Not all companies pay dividends. Some companies choose not to, while other companies cannot afford to.
As you can tell by this list of stocks that pay dividends, the best dividend stocks are normally slow-and-steady companies that have consistent operations. While it might be possible for a small software company or biotech firm to double its share price overnight, these companies rarely pay dividends because they don’t have much in the way of profits—and what they do have, they want to spend on other things, like research and development to continue growing.

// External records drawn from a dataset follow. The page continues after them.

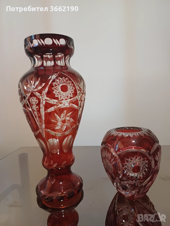 Красиви вази в червен цвят и множество фигурални изрязвания на кристала.Без увреждане. Високата е 29 см., а е широка в отвора 9 см., докато малката е висока 12 см. и широка 5 см.Част от лична колекция. Моля, разгледайте и другите ми обяви!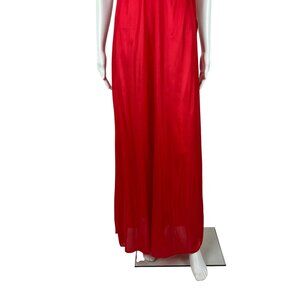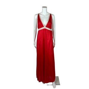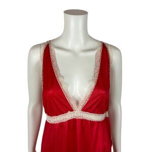 Vintage 80s Red Nightgown Women's Size M Valentines White Lace Deep V Nightie De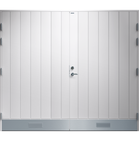 Dekorspårad garagedörr i traditionell stil som finns i flera utföranden. Som standard är dörren Vit (NCS S0502-Y).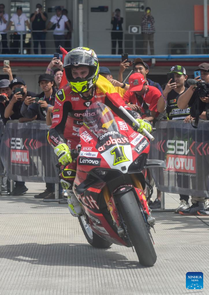 Spanish rider Alvaro Bautista of Aruba.it Racing-Ducati celebrates winning Race 1 of WorldSBK 2023 Indonesian Round at Mandalika Circuit, Mandalika of West Nusa Tenggara province in Indonesia, March 4, 2023. (Xinhua/Zulkarnain)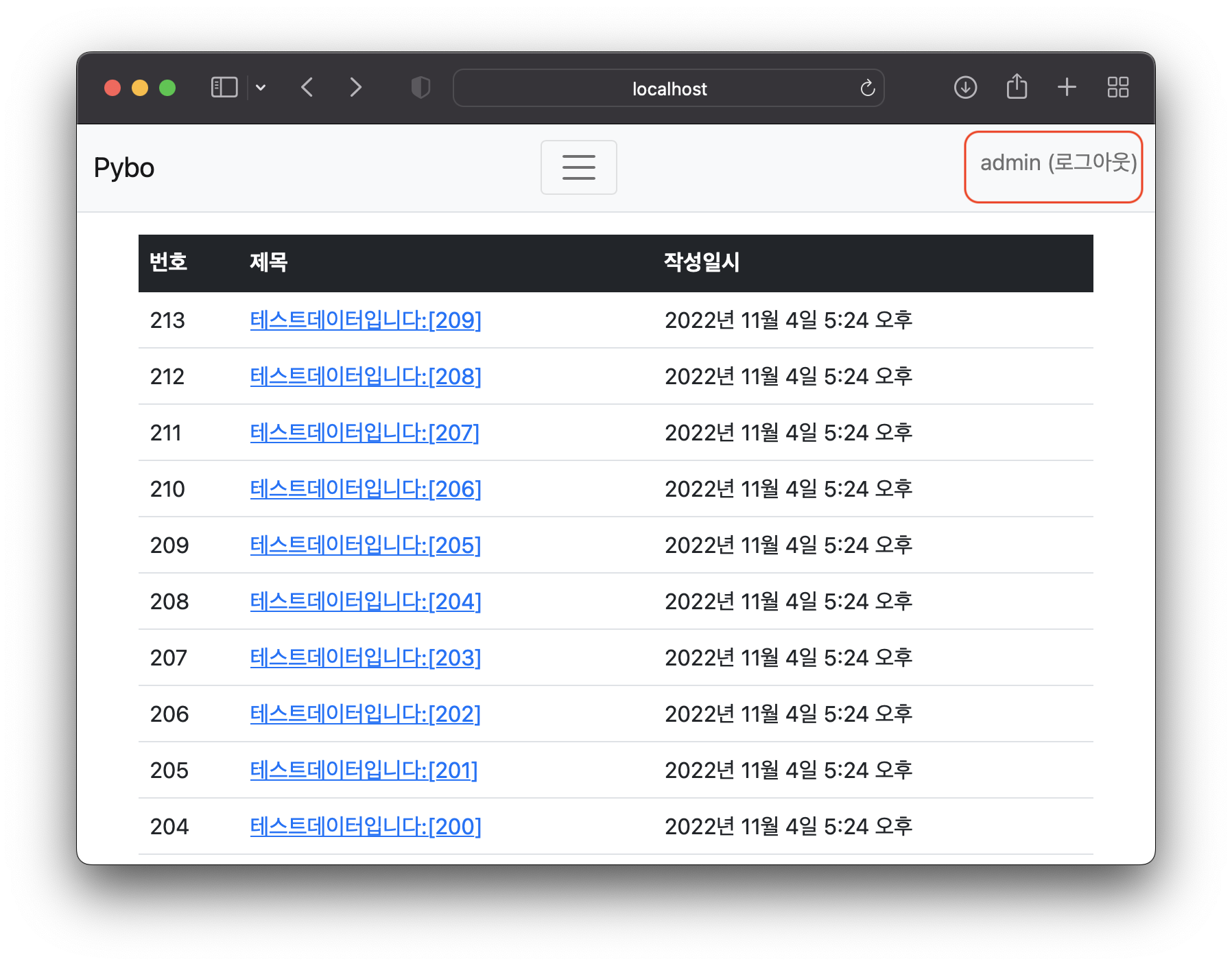 이제 로그인에 성공하면 정상적으로 작동한다. 하지만 로그인을 했음에도 로그인 버튼이 로그아웃버튼으로 바뀌지 않고 여전히 로그인 버튼으로 남아있다. 이를 해결하기위해 proejcts\mysite\templates\navbar.html 을 다음과 같이 수정하자.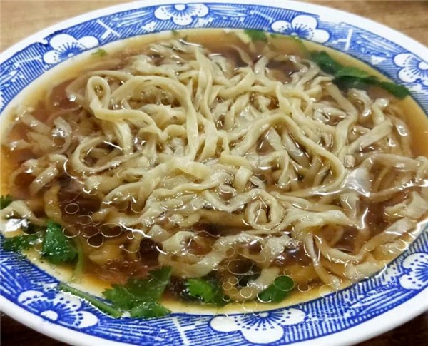 小刀面制作要放幾個(gè)小時(shí)才能用,用大面皮壓實(shí)后用刀裁切成細(xì)細(xì)的條,裁切出來(lái)面條個(gè)個(gè)有銅絲的粗細(xì),甩進(jìn)大鍋里用滾水翻煮,再小心挑進(jìn)碗里,搭配多年的特制“底料”。有的食客要加上幾片牛肉,或加一塊炸至兩面金黃的荷包蛋,愛(ài)吃辣再加一勺辣醬,口水怎么也止不住了。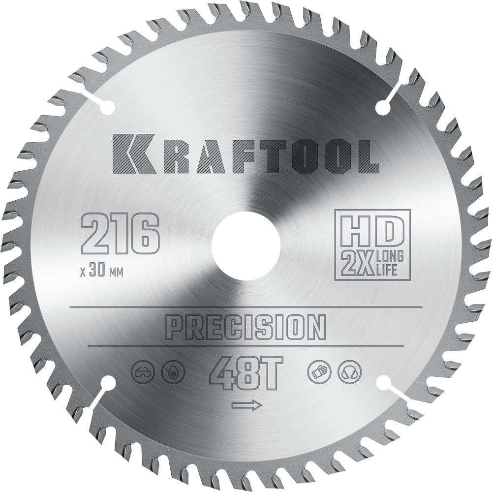 ПроизводителиДиск по дереву пильный 48Т, 216х30мм, Precision, (36952-216-30) KRAFTOOL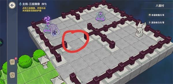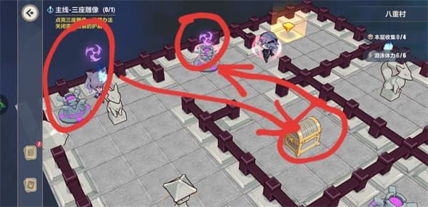 首先,离开地图,从上面的红色圆圈中取出力量,放入右边的雕像中。点亮后,将电源放回原处(实际上你应该随身携带)。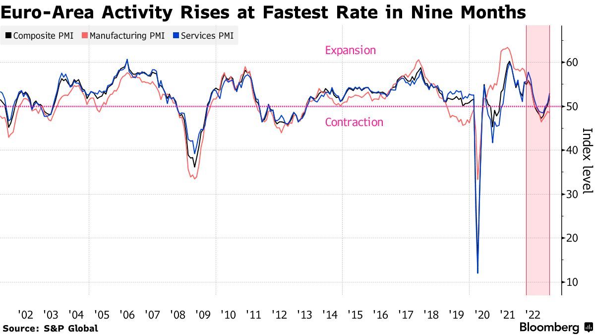 智通财经APP获悉,欧元区2月份的商业活动增长速度为9个月来最快步伐,大幅提高了欧元区在本季度避免衰退的可能性。这一好于预期的表现主要受到服务业推动,在标普全球(S&P Global)统计的欧元区PMI初值数据中,服务业PMI超出经济学家预期,出现了自6月份以来最强劲增幅。随着供应链瓶颈进一步缓解,制造业产出也有所改善。数据显示,欧元区的综合PMI初值升至52.3(前值50.6),经济学家普遍预期为50.7,服务业和制造业PMI初值分别为53和48.5,后者不及预期。

How often do companies pay dividends?
The cycle of paying dividends is always different depending on the company. While it’s generally true that most U.S. corporations opt to pay their shareholders a dividend once per quarter, the dates aren’t fixed.
Specifically, one company might pay you on a January-April-July-October payment cycle while another opts for February-May-August-November.
Complicating things further, some companies pay dividends twice a year, some pay once a year, and some even pay “special” unscheduled dividends.
What should income investors look for in a dividend stock?
There are a host of things to consider when looking for the best dividend stocks.
First, and foremost, you should make sure you understand the underlying business and its strategy; just because a company pays a dividend doesn’t mean it can’t crash and burn.
If you generally like what you see, then you should consider the quality of the dividends including the history of payouts and the payout ratio as a portion of total earnings.
Then, you should consider the quantity of that dividend and the potential for future growth in payouts.